Geography
- Location: 261 Mack Avenue Detroit, Michigan, United States
- Coordinates: 42°20′59″N 83°03′20″W﻿ / ﻿42.34962°N 83.05569°W

Organization
- Type: Specialist

Services
- Beds: 94
- Speciality: Rehabilitation

History
- Founded: 1951

Links
- Website: www.rimrehab.org
- Lists: Hospitals in Michigan

= Rehabilitation Institute of Michigan =

DMC Rehabilitation Institute of Michigan (RIM) is one of the eight hospitals affiliated with the Detroit Medical Center. RIM is one of the largest, academic, rehabilitation hospitals in the United States specializing in rehabilitation medicine and research. RIM offers clinical treatment in spinal cord injury, brain injury, stroke, complex trauma and orthopedics and catastrophic injury care. The institute is home to the Center for Spinal Cord Injury Recovery, a facility designed to implement and study innovative treatments in spinal cord injury recovery.

RIM also houses the Southeastern Michigan Traumatic Brain Injury System (SEMTBIS) which conducts groundbreaking research in the field of rehabilitation medicine, sharing the resulting innovations with brain injury providers worldwide.
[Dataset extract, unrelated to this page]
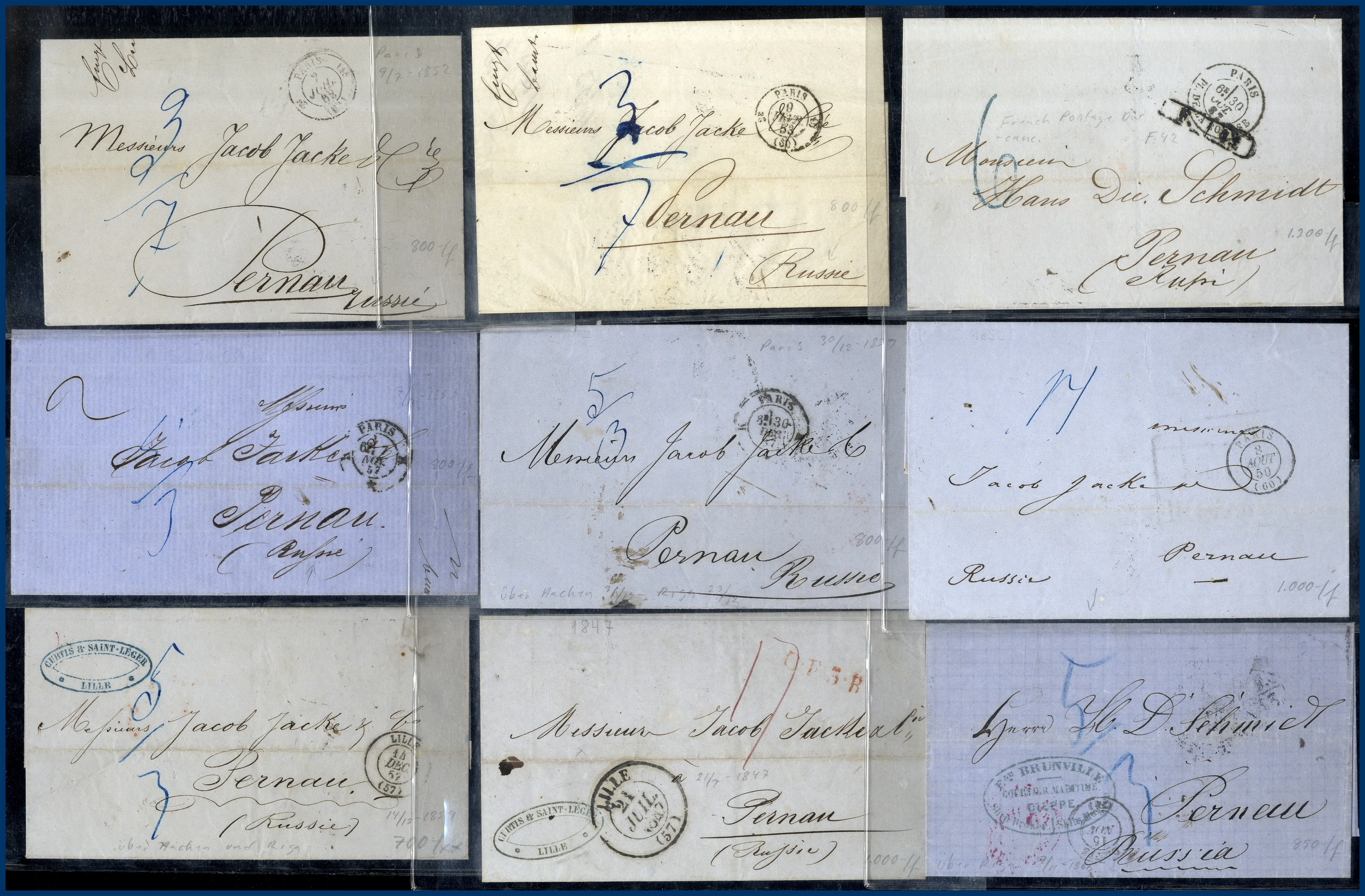 90. (C) 17 st förfilateliförsändelser från Frankrike till Pernau, Ryssland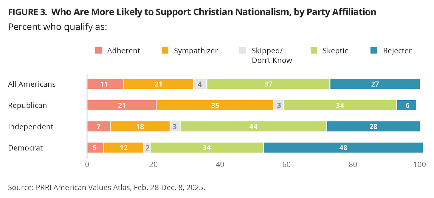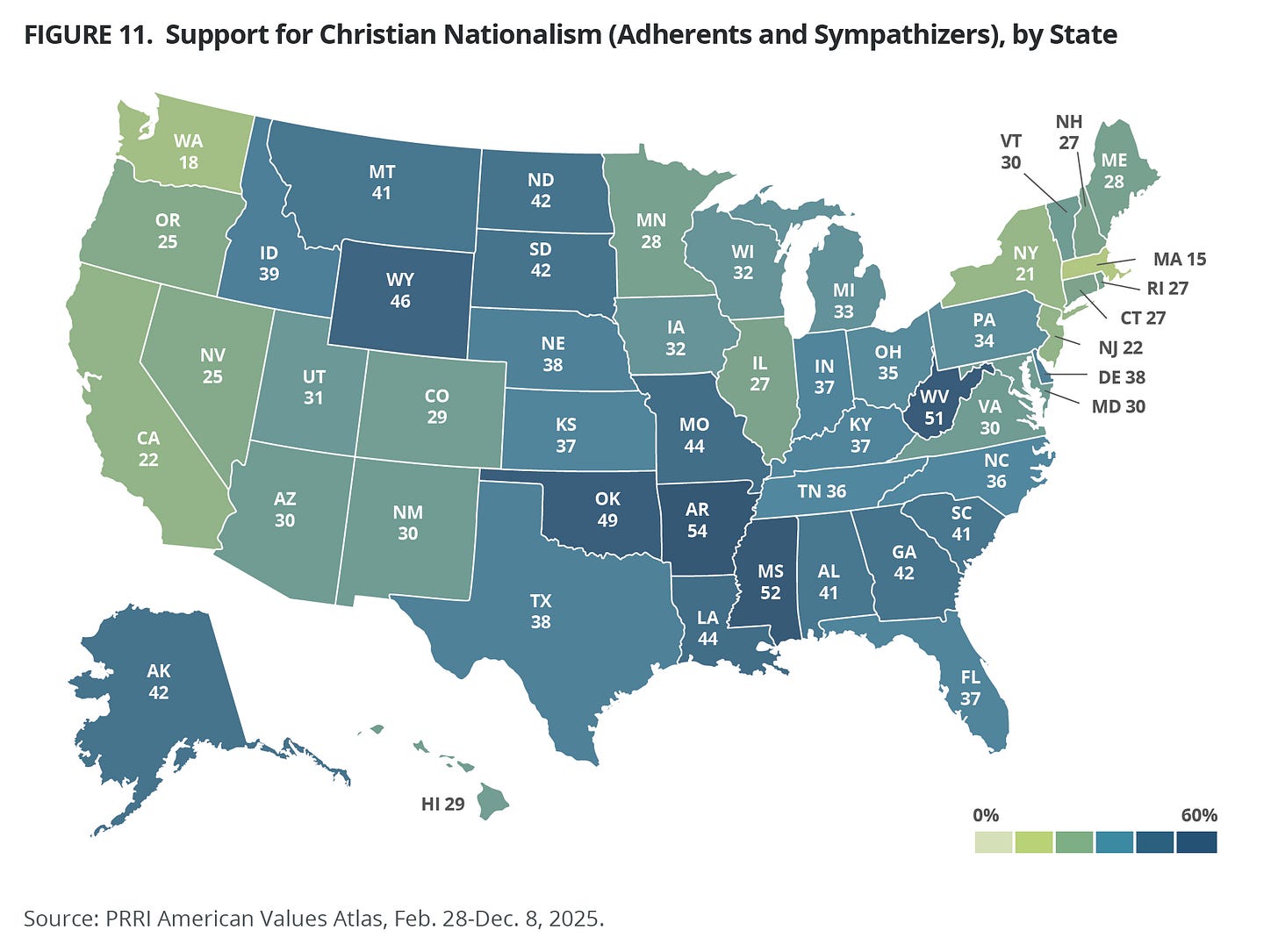 WASHINGTON (February 17, 2026) — One year into the second Trump administration, a new national survey released today by PRRI examines support for Christian nationalism across all 50 states. At the national level, a majority of Republicans (56%) qualify as either Christian nationalism Adherents (21%) or Sympathizers (35%), compared with one in four independents (25%) and less than one in five Democrats (17%).

Clinical researchers study issues such as medication effects, course of recovery, psychological factors and treatment outcomes.

RIM also operates over 30 outpatient therapy clinics throughout southeast Michigan, specializing in physical therapy, sports medicine and orthopedics.

== History ==
In 1951, Rehabilitation Institute of Metropolitan Detroit was founded at the Herman Kiefer Hospital in Detroit. This was also the site of the Metropolitan Detroit Polio Foundation, which merged with the Rehabilitation Institute in 1953. These two partners soon realized they needed a building of their own to house all their services. As a result, in 1958, the Rehabilitation Institute moved to a newly built hospital at its current location at 261 Mack Avenue, in Detroit.

==Services==
During the last 10 years, RIM has been awarded $16 million in federal and private grants for rehabilitation research focusing on restoring function, improving quality of life and developing innovative therapeutic techniques.

Today, RIM is considered a national leader in the field of physical medicine and rehabilitation. With its 94-bed inpatient hospital and numerous outpatient sites located throughout southeastern Michigan, RIM is also one of the nation's largest freestanding rehabilitation hospitals.

== Clinical Specialties ==
Clinical Specialties at RIM include:
- Amputee Services
- Aquatic Therapy
- Assistive Technology
- Balance Disorders
- Brain Injury Services
- Cancer Rehabilitation
- Dysphagia
- Electromyography (EMG)
- Hand Therapy
- Lymphedema Therapy
- Multiple Sclerosis
- Muscle Energy Technique
- Myofascial Release
- Neuro Rehabilitation
- Occupational Therapy
- Orthotics
- Pediatric Rehabilitation
- Physical Therapy
- Recreational Therapy
- Rehabilitation Psychology & Neuropsychology
- Return-to-Work Services
- Spasticity Management
- Speech-Language Pathology
- Spinal Cord Injury Services
- Sports Medicine and Rehabilitation
- Stroke Services
- Temporomandibular joint dysfunction
- Vestibular Rehabilitation
- Wheelchair Services
- Women's Rehab

== Brasza Outpatient and Fitness Center ==
RIM's Brasza Outpatient Center is a state of the art, multi-level fitness center. It houses modern fitness equipment, a free-weight area, running tracks and studios offering a variety of programs, from group exercise and wheelchair mobility training, to community education. The center also includes a sports medicine program directed by therapists and athletic trainers.

Brasza Outpatient and Fitness Center Services Include:
- Sports Medicine
- Orthopedic Therapy
- Personal Training
- Post Rehab Training
- Sports Specific Training
- Massage
- Work Hardening
- Women's rehab
- Lymphedema Therapy
- Cardiac Rehabilitation (Phase II / Phase III)

== Center for Spinal Cord Injury Recovery ==
The Center for Spinal Cord Injury Recovery (CSCIR) is a unique, state-of-art clinical facility, offering an intensive physical therapy program focused on maximizing recovery from spinal cord injury. The program incorporates therapeutic techniques based on the newest information available from emerging research around the globe.

== Accreditation ==
RIM is fully accredited by the Joint Commission on Accreditation of Healthcare Organizations and the Commission on Accreditation for Rehabilitation Facilities (CARF).